Настя отрицательно покачала головой. На лице ее теперь было ясно заметно беспокойство.
– Туда нельзя, – сказала она. – Почему?
– Нельзя в ту сторону, ну, нельзя, – твердила девочка, потупив глаза, – я знаю…
– Что ты знаешь?
– Там плохое место – Мерзлая падь.
– Чем же плохое?
– Плохое! – с особым значением повторила девочка. Глаза ее потемнели, губы упрямо сжались. – Не могу объяснить, очень плохое. Ах, плохое! – сказал Кандауров таким тоном, как будто только сейчас до него дошло значение этого слова. – Если плохое, не будем туда ходить.
Он сел на пень и стал разжигать трубку. Девочка опустилась рядом на землю, устланную толстым, мягким ковром из опавшей листвы. Опершись острым подбородком на смуглую ладонь, Настя подняла глаза к верхушкам сосен, отчего лицо ее приняло мечтательное выражение.
– Миша говорил: придет такое время, что не останется ни одного, который бы голодал… – прошептала Настя. – И сирот, говорит, не будет… У кого умерли отец и мать, о тех будут заботиться самые известные и добрые люди.
Кандауров посмотрел на девочку и задумчиво кивнул. Правильно говорит Миша. Так это и будет.
– Хорошо здесь, – со смущенным видом, как бы
признаваясь в своей слабости, сказала Настя. – Здесь всякие мысли приходят.
– Любишь это место? – удивился землемер. – Значит, оно тебе знакомо?
– Угу, – подтвердила Настя. – Мы здесь охотились и рыбу ловили. Там, за лесом, озеро. – Девочка задумалась, глядя вдаль.
Перед ними расстилалась земля, желтая от опавших листьев и полосатая от длинных вечерних теней. Метнулась с дерева юркая белка, побежала по земле. Она вспыхивала, словно охваченная огнем, выбегая на солнце, и гасла, попадая в тень. Так она и скользила через полянку, вспыхивая и угасая, и вот нырнула за корявый красный пень. И стволы берез были красные, и небо пылало. Закат.
– Я Потому и убежала к вам. Учиться хочу, – сказала вдруг Настя.
– Знаю. Ну что ж, будешь учиться.
Кандауров, прищурив глаза, рассматривал приплюснутое солнце, исчезающее за лесом.

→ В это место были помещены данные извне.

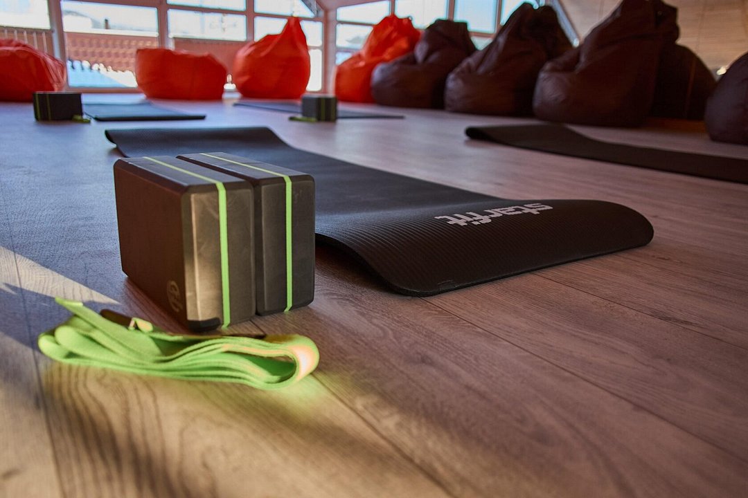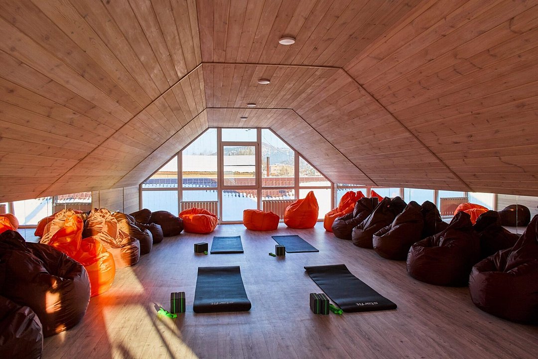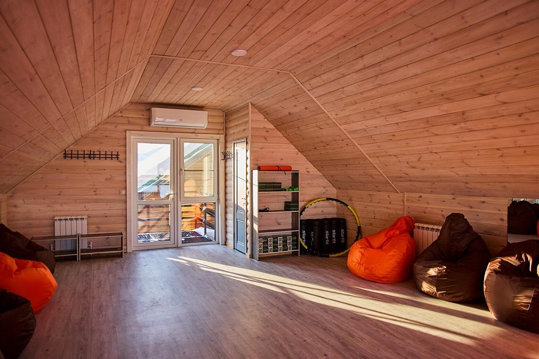 На территории базы отдыха «Рыжий кот» есть спортивный зал со снаряжением для занятий фитнесом или йогой.

– Ну, будет, – сказал он таким тоном, будто упрекал себя в чем-то. – Пора идти!
Оглянувшись на Настю, Кандауров свистнул по-фазаньему.
– Я тоже умею так, – сказала девочка и, вытянув губы, в точности воспроизвела тот же звук.
Они пустились в обратный путь.
Острым взглядом таежницы Настя приметила легкие следы на земле.
– Рысь, – сказала она радостно. – Видите, рысь, – повторила она, подбегая к кривой березке и впиваясь глазами в кору дерева, пересеченную глубокими царапинами. – Вот какая рысь, – Настя показала ее рост.
Прошли еще несколько шагов.
– Бёрд! – воскликнула Настя, заметив на ветке дуба синицу.
Землемер остановился.
– Бёрд? Вот как! А кто тебя научил этому слову?
Настя посмотрела на него и ничего не ответила.
По дороге Кандауров настойчиво расспрашивал девочку о Ли-Фу, о Гжибе, о ее прежней жизни. На некоторые вопросы она отвечала, другие оставляла без ответа, только качала головой.
За полкилометра до лагеря Кандауров увидел Мишу, который бежал навстречу, прижав локти к бокам. Это была его вечерняя прогулка. Миша приблизился к землемеру и сказал, покосившись на Настю:
– Вот вы где! А знаете, Гжиба что-то замышляет. Увидите, натворит он дел!
Землемер выколотил трубку о твердый, как камень, пень и взглянул на небо. Над соснами теснились тучи.
– Ладно, в лагере поговорим, – сказал он, пряча трубку в карман.
Я знаю, вы боитесь Гжибы, – воскликнула Настя, – а я не боюсь! Он, правда, страшный… Он человека убил.
Миша вздрогнул и повернулся к Насте.
– Человека? За что же?
– Этот человек ногами на него затопал, а Гжиба схватил табуретку и ударил его, а потом в тайгу ушел.
– Вот видите, Владимир Николаевич, – возмутился Миша, – для него это пустое дело: взял и убил человека ни за что. И ничего ему не было? – снова обратился Миша к девочке.
– Нет. Он сразу в тайгу ушел. А потом вернулся. Только избу его спалили-
Миша усмехнулся:
– Дешево отделался!
Подходя к лагерю, Миша шепнул землемеру:
– А в отношении Гжибы это новость для меня. Может быть, это просто слухи или Настя путает…
– Нет, не путает. Был такой случай, – спокойно сказал землемер. – Я знаю о нем. Как-нибудь расскажу подробности.